OnCue is one of those iPhone apps you don’t know you need until you start playing with it. The concept is simple: Apple’s default iPod app allows you to import playlists from iTunes and customize the way you listen to music by combining different songs and artists in a single list, it lets you shuffle your music, but it’s doesn’t come with any queue functionality.
While you’re listening to music on your iPhone or iPod touch and you’re on the go, it’d be nice to be able to select the songs you want to listen to without having to pull out the device from your pockets every time. Use a playlist, you might suggest. But what if I don’t want to create a playlist for each day? I just want to say “hey, today I want to listen to these songs in this specific order”. You can’t create a new playlist every day, yet you know what songs you want. You need a queue function. OnCue does just that, and it works with both songs and podcasts.

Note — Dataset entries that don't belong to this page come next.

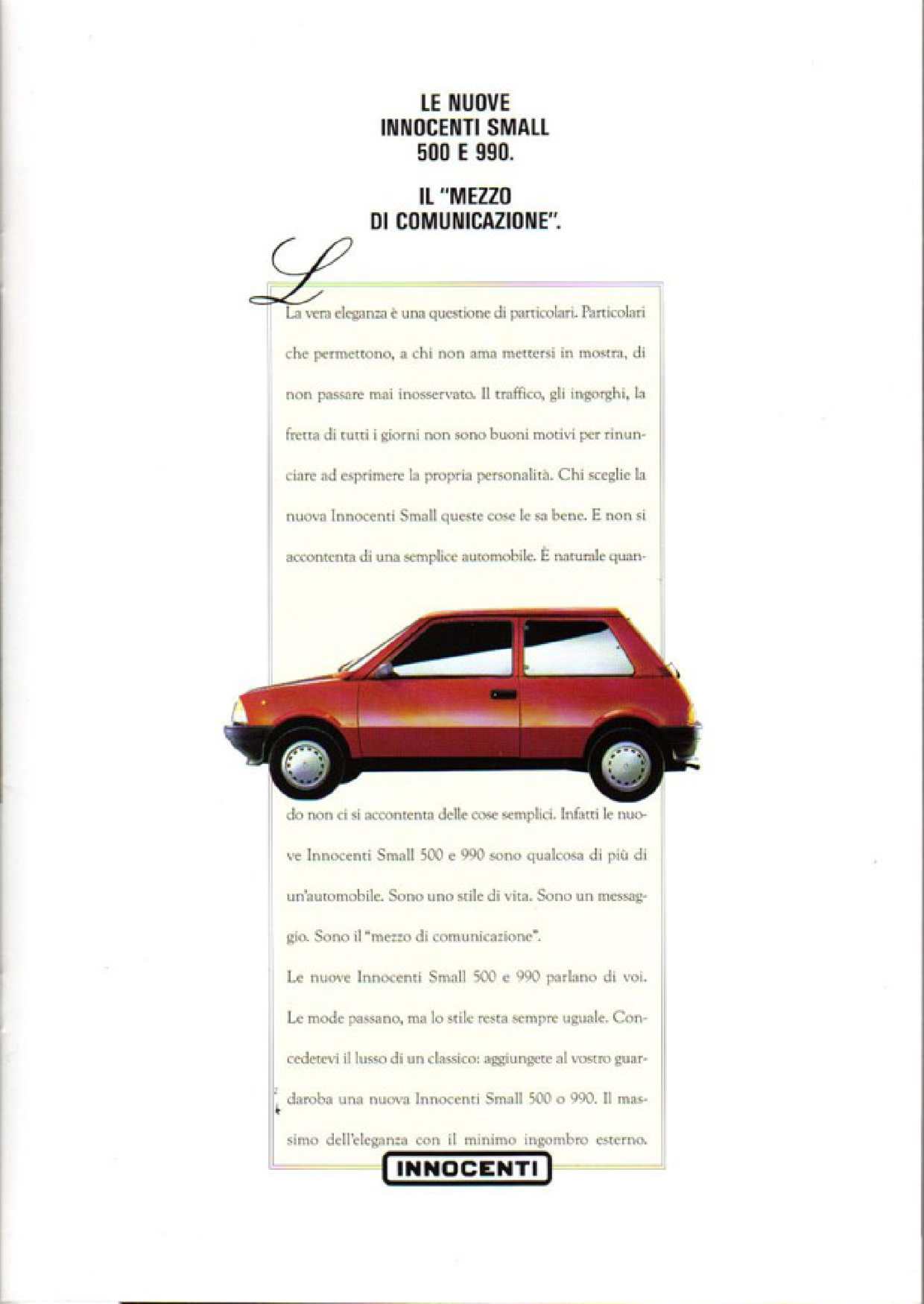 Attualmente la Mini Bertone risulta essere ambita da una nicchia di appassionati (clicca QUI per maggiori informazioni) e, l’esiguo numero di esemplari prodotti nei suoi 19 anni di produzione (circa 300.000 esemplari), la rende assai rara, dato che ne sono rimaste ormai poche in circolazione. Tornando al marchio Innocenti, quest’ultimo rimase attivo fino al 1997, proponendo come gamma modelli Fiat rimarchiati, come la Mille (Fiat Uno CS ) e la Elba (Fiat Duna Weekend). Da segnalare la breve presenza in listino, dal 1991 al 1993, della Koral, vettura basata sulla Yugo, auto serba prodotta da Zastava. Nel corso degli anni si è parlato anche di una rinascita del brand come marchio low cost di Fiat, sulla scia di quanto fatto da Renault con Dacia, ma non si è mai arrivati a niente di concreto.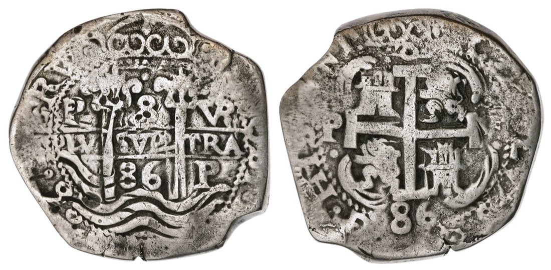 Bolivia. Carlos II (1665-1700). Cob 8 Reales, (16)86 P VR. Potosí. 26.80 gms. Crowned Pillars, PLVS VLTRA, denomination, assayer, mintmark and date across, Quartered Arms of Castile and Leon. KM 26. A few small old pocks in margin. Very Fine.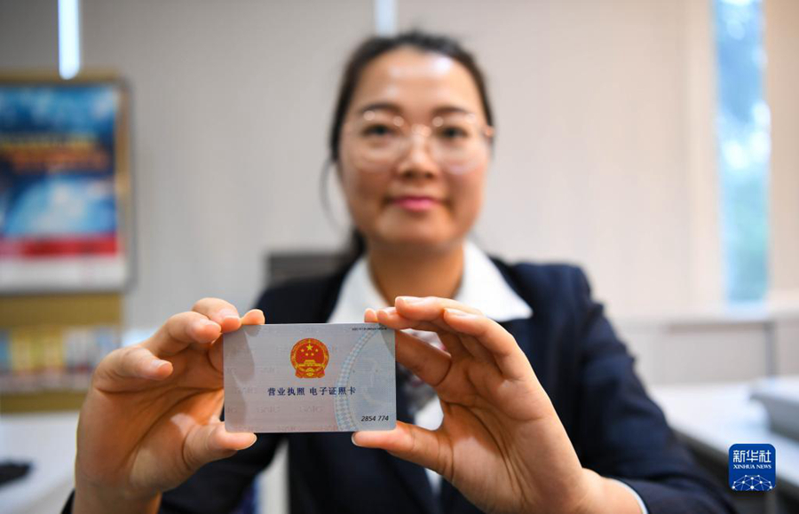 中國(guó)銀行橫琴分行工作人員展示商事主體電子證照銀行卡(2018年11月15日攝)。新華社記者鄧華攝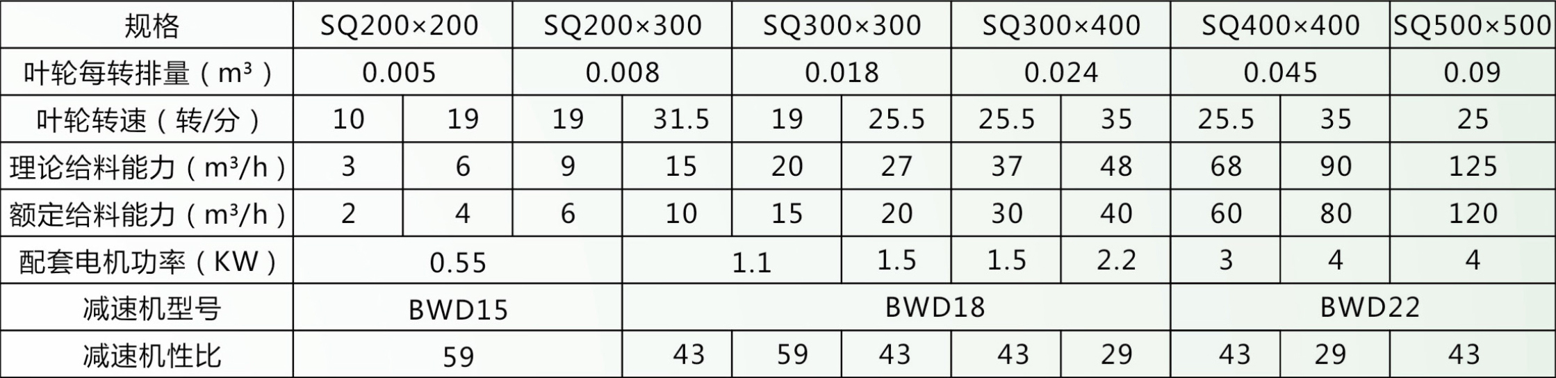 本產(chǎn)品在結(jié)構(gòu)上分為A型和B型,A型為針輪擺線減速配用鏈條傳動(dòng),其技術(shù)參數(shù)見表一;B型為直聯(lián)式傳動(dòng),技術(shù)參數(shù)見表二,產(chǎn)品規(guī)格以口徑劃分,每種規(guī)格均給出幾種給料能力供選擇,如有特殊要求,可代為設(shè)計(jì)制造。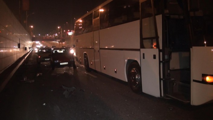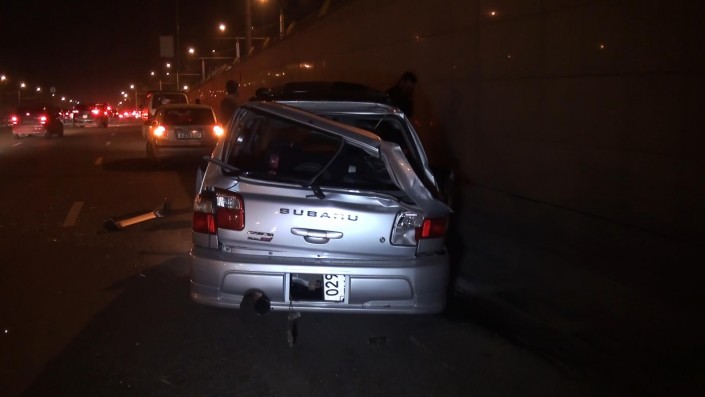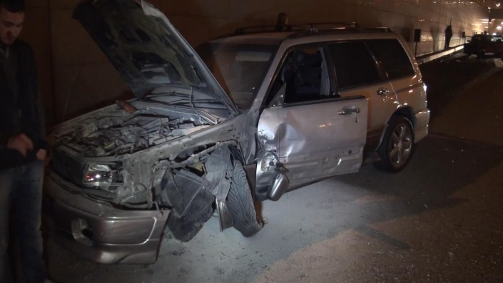 Буквально через 30 минут также на улице Саина из-за пробки, образовавшейся из-за предыдущей аварии, произошло еще одно ДТП. На север по Саина двигались автобус, Volkswagen Passat, Subaru Outback и Subaru Forester. По словам очевидцев, водители автобуса, Volkswagen Passat и Subaru Outback остановились из-за образовавшейся пробки, а водитель Subaru Forester не заметил ее и на высокой скорости, пытаясь избежать ДТП, взял правее и в итоге пролетел между Volkswagen и туннелем развязки, влетел в туннель и перевернулся. Volkswagen и Subaru Outback после удара врезались в автобус. В результате аварии пострадал пассажир Subaru Forester.
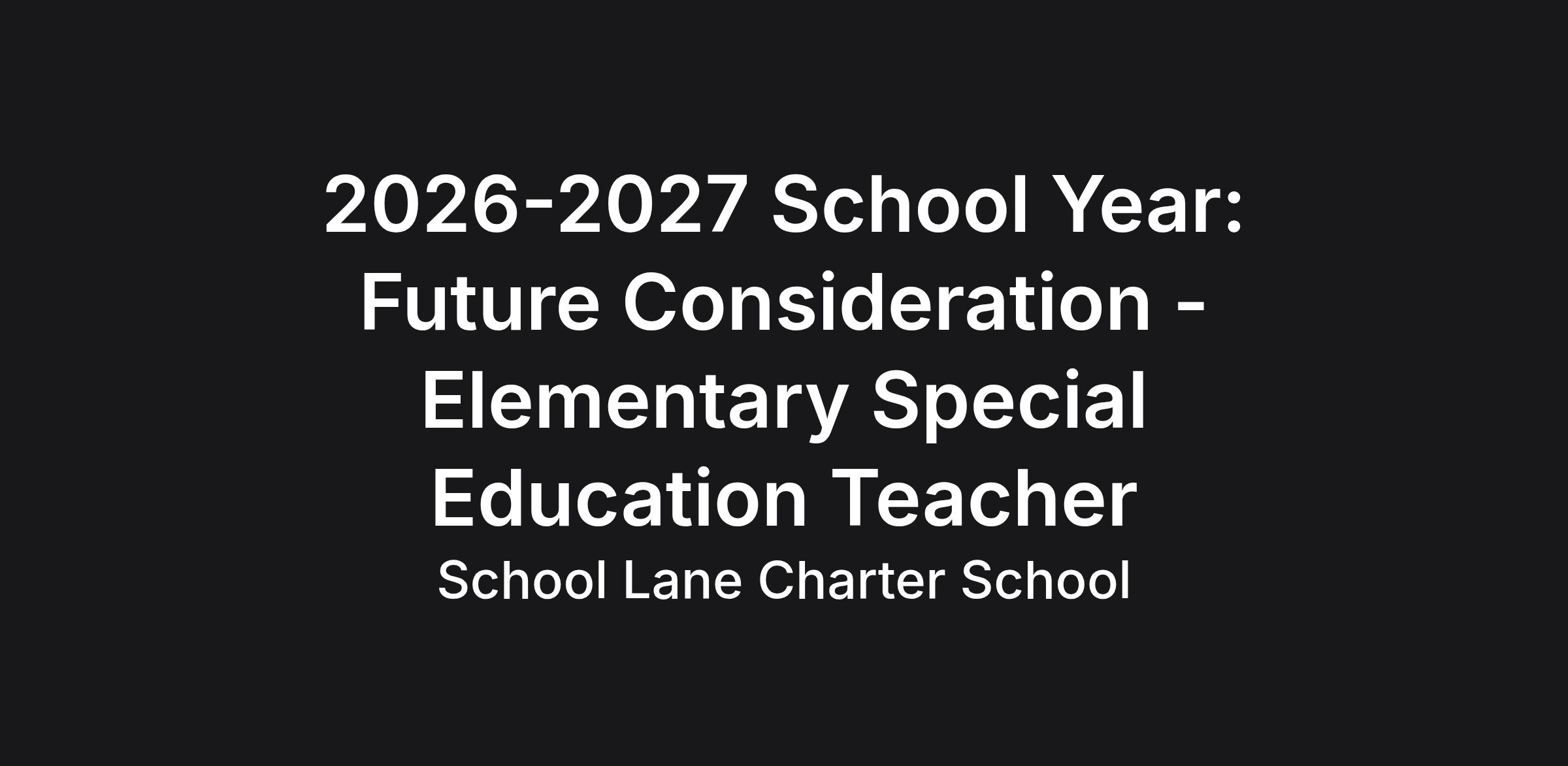 Thank you for your interest in a position with School Lane Charter School. Please understand the submission of an application does not guarantee a screening interview. You will be contacted if selected for an interview.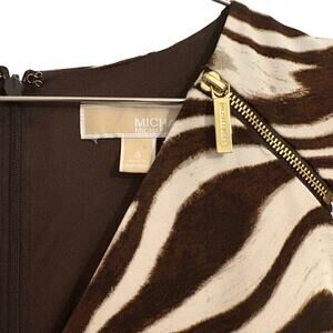 Michael Kors Brown and Cream Zebra Print Sleeveless Sheath Dress S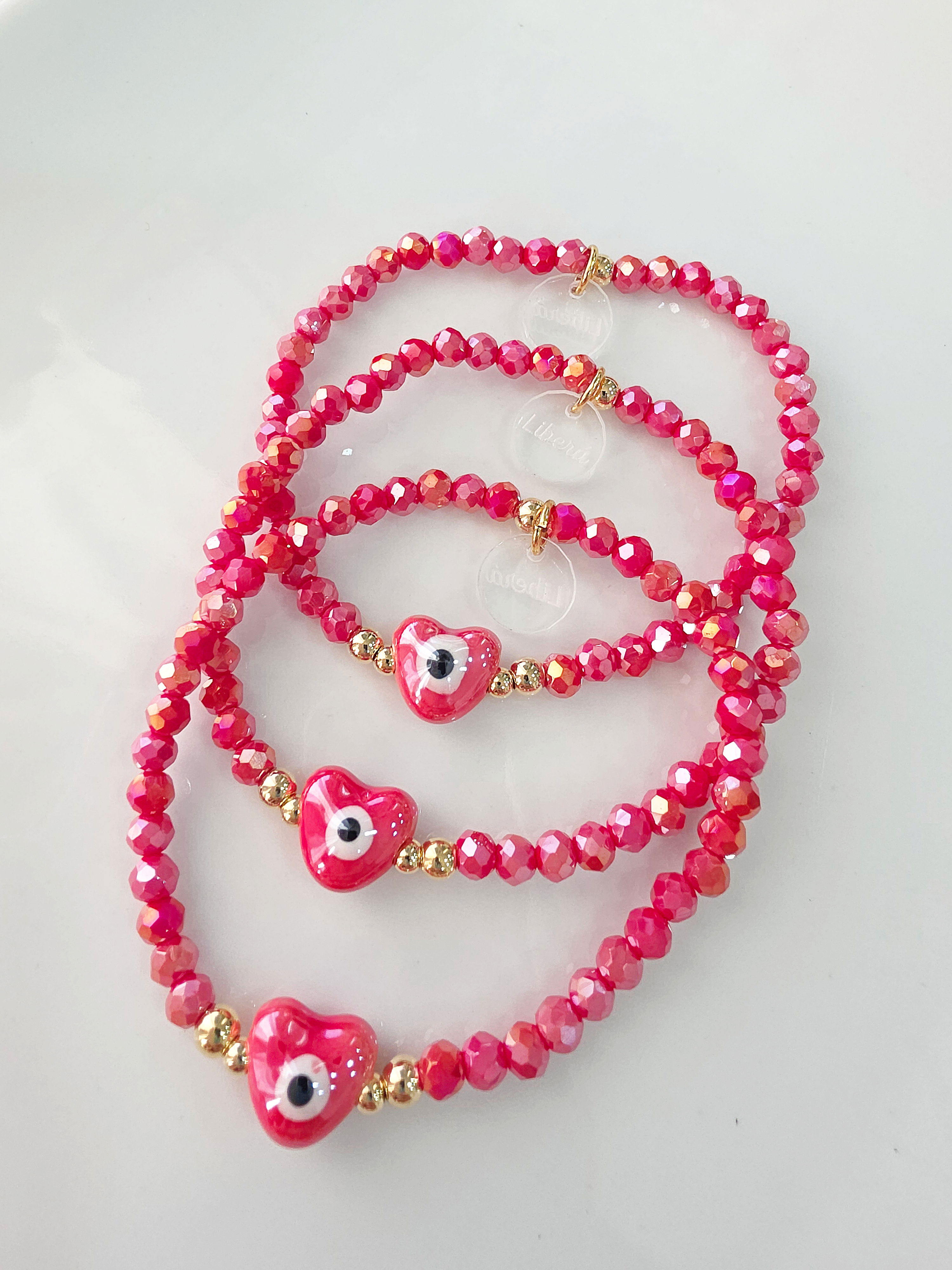 Pulsera elástica compuesta por cristales y corazón de cerámica esmaltado. bolitas y detalles de Oro Laminado 18k

I haven’t tested the podcast feature because I’m not a big podcast guy, but I see the app allows you to remember exactly where you left off, add bookmarks and even preview bookmarks in podcasts before you save them. Sounds nice. I’ve been testing the app as an alternative to iPod.app for a day though, and it works really well. Basically, OnCue mimics the appearance of the iPod application, only it adds a few shortcuts to build a queue of songs you can manage, edit and access at any time. While I don’t get the color labeling options (you can assign a color to a song), I definitely appreciate the fact that with a few taps you can create a queue that, by the way, can be cleared at any time. You can even “save” a queue for future usage and scrobble everything to Last.fm.
To add songs to the queue, head over the Artists or Songs tabs and start tapping on the button next to each song. The button can be customized to become a “remove from queue one” or “send to the end of queue”. By default, it’s a CueNext button. Once the queue is built, you can out the iPhone away and just listen; alternatively, you can open the Queue tab and re-arrange songs to your liking by dragging them, or swiping on them to bring up a Tweetie-like menu. One feature I love about this app: if you hold the iPhone in landscape mode, it brings up a custom Cover Flow view that displays albums, Now Playing info and the actual queue as a transparent overlay.
Overall, OnCue provides an interesting, useful alternative to the iPod app if you’ve been looking for this very specific functionality to land on iOS. If you want to create music queues on the iPhone, this is the app to buy. No excuses.